Why do I get two different mean values with two different methods for the same sample?

Question

I have this dataframe where I created the 3rd column using the first two columns. Both ${Y}$ and ${X}$ are independent random variables.

$\bar{Y}$	$\bar{X}$	$\bar{Z} = 100\frac{\bar{X}-\bar{Y}}{\bar{Y}}$
13435	13502	0.4987
21847	22354	2.3207
15584	18014	15.5929
17121	16738	-2.2370
18758	19664	4.8299
18994	22234	17.0580
22864	23555	3.0222
30365	31452	3.5798
29850	34808	16.6097
38674	38791	0.3025
47803	39717	-16.9153
88777	91756	3.3556

When I manually calculate the expectation of $\bar{Z}$ using the data in the 3rd column (in the above table) and pass it statistics.mean() function in Python, I get $E[Z] = 0.04.$

On the other hand, I know that I can calculate $E[Z]$ also as follows:

$E[Z] = E[100\frac{X-Y}{Y}] = 100E[\frac{X}{Y}-1] =100E[\frac{X}{Y}]-100 =100E[X]E[\frac{1}{Y}] -100 $ (as according to this link https://en.wikipedia.org/wiki/Ratio_distribution I can write $E[\frac{X}{Y}] =E[X]E[\frac{1}{Y}]$ )
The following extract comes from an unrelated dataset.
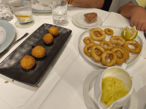 Read moreLa verdad que de un restaurante de está categoría esperaba muchas cosas que no se cumplieron. Pedimos de entrantes ostras, tartar de atún con caviar de Beluga, anchoas, croquetas de marisco y pescado y calamares romana con dos salsas. Y de segundo arroz senyoret y steak tartar. Pues bien, nos trajeron las ostras y las anchoas a la vez, terminamos esto, que lo comimos en el mismo plato, el brioche de la anchoa con el agua de ostra y limón. Continuamos con los platos de entrantes y, por supuesto con los mismos platos que había en la mesa, todo mezclado. Llegaron las croquetas que tuve que poner en el plato del agua de ostra, y la parto para probarla y, no valoro si era buena o mala o sí era una croqueta o un pastel de pescado empanado, el caso es que salieron frías, pero no contentos con esto se lo comento a la camarera y me dice imposible porque acaban de salir de cocina que las he visto yo, le digo perdona te estoy diciendo que están frías por dentro, su contestación de un restaurante que tiene y pretende mantener una estrella Michelin, pues eso ya no lo sé y, se quedó tan ancha no dió solución alguna. Llegaron los calamares y, aquí ya dijimos que se los llevarán, estaban duros, insípidos, sin dos salsas y, a la camarera le sentó mal que lo devolviera pero es lo que hay. Pedí 3 veces una botella de agua y hasta que no vino el metro con la paella no la trajeron. Y a este punto de la cena seguimos con los mismos platos, las botellas y vasos vacíos del aperitivo del inicio de la comida encima de la mesa y con muy mala atención. Mi hijo se mancho con el alioli todo el polo y le digo a la camarera, perdona mira como se ha puesto con el alioli y, su contestación fue: nada no pasa nada. En vez de decirme cómo en cientos de sitios de supuestamente está categoría, ofrecerme un producto para la limpieza de la misma. Por último el arroz y el steak, no tengo palabras, el arroz sin más el marisco del arroz era congelado y con un sabor a amoniaco increíble. El steak era un preparado de albóndigas antes de hacerlas bola, la carne estaba caliente, no estaba cortada a cuchillo y la calidad de la carne .... Simplemente pongo está crítica para que puedan mejorar su servicio, calidad de la comida y saber estar para un restaurante...

but then I get $E[Z] = 33.75$ (since the mean of $\bar{X}$ and $\frac{1}{\bar{Y}}$ are $E[\bar{X}] =31048.75 $ and $E[\frac{1}{\bar{Y}}] = 0.000043$, respectively.)

Apparently I get two very different mean values for $\bar{Z}$. When I do the same process for standart deviation, I again get very different values. So which approach should I use? Manually calculating using the 3rd row (by using Python's statistics library mean() and stdev() functions) or using the derivation formula?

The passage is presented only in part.